EL DORADO, Kan. — An inmate has been stabbed numerous times during a fight at a south-central Kansas prison that was the scene of an hours-long disturbance last month.
Kansas Department of Corrections spokesman Todd Fertig said in a written statement that the victim received “several puncture wounds in an inmate-on-inmate altercation” around 7 p.m. Wednesday at the El Dorado Correctional Facility. He said the inmate received initial treatment at the prison before being transferred to an outside medical facility for “further evaluation and treatment.”
Fertig told The Associated Press Thursday that he could not comment on the inmate’s condition or provide more information on ongoing investigations.
No other staff or inmate injuries were reported. The department is investigating the incident.
“I’m not surprised when there is a large number of staffing vacancies,” Robert Choromanski, executive director of the Kansas Organization of State Employees, told The Associated Press. “It is hard to monitor the number of inmates.”
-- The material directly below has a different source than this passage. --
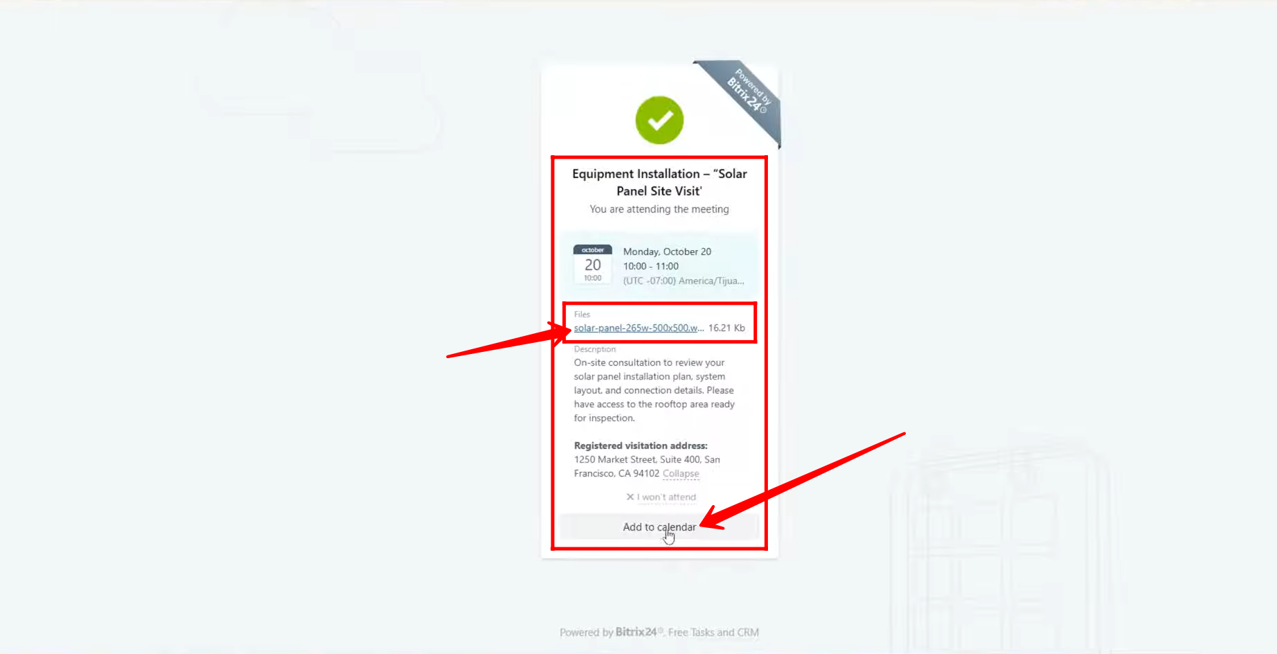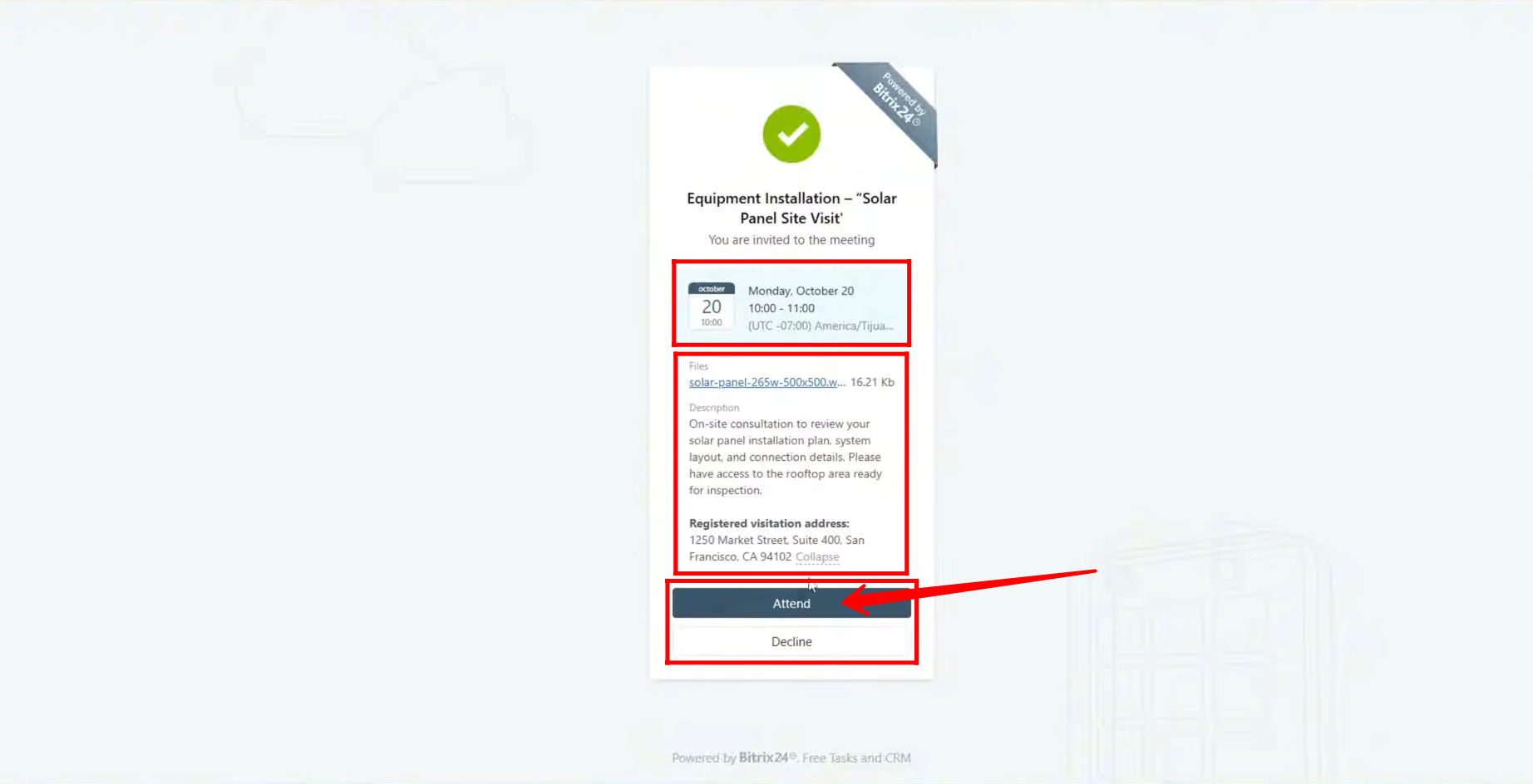 Additionally, if the organizer attached any media files (such as images, documents, or presentations) to the event invitation, attendees can click on these attachments to open and view them in a separate browser tab for full access and review before the meeting.

The stabbing came less than a month after a June 29 disturbance, which Choromanski said began when some prisoners refused to return to their cell houses. Choromanski said inmates controlled parts of the prison at that time, including the gym, the yard and the kitchen. An emergency log book that The Kansas City Star reviewed suggests at least one prisoner obtained a weapon and that inmates fought. Fertig said last week that no department weapons ever were possessed by the inmates.
Even before the disturbance, the union had been complaining about understaffing as the prison population grew. The department said there were 94 staff vacancies at the El Dorado lockup as of July 5; Choromanski insisted the vacancies were as high as 125.
Choromanski also raised fresh concerns in an email this week to corrections officials and several lawmakers, saying that staff members are being asked to participate in online training while working, which would not allow them to attentively supervise offenders. He also highlighted a list of changes a correctional staffer suggested to improve safety, which included increasing the number of workers supervising inmates, improving training and boosting wages.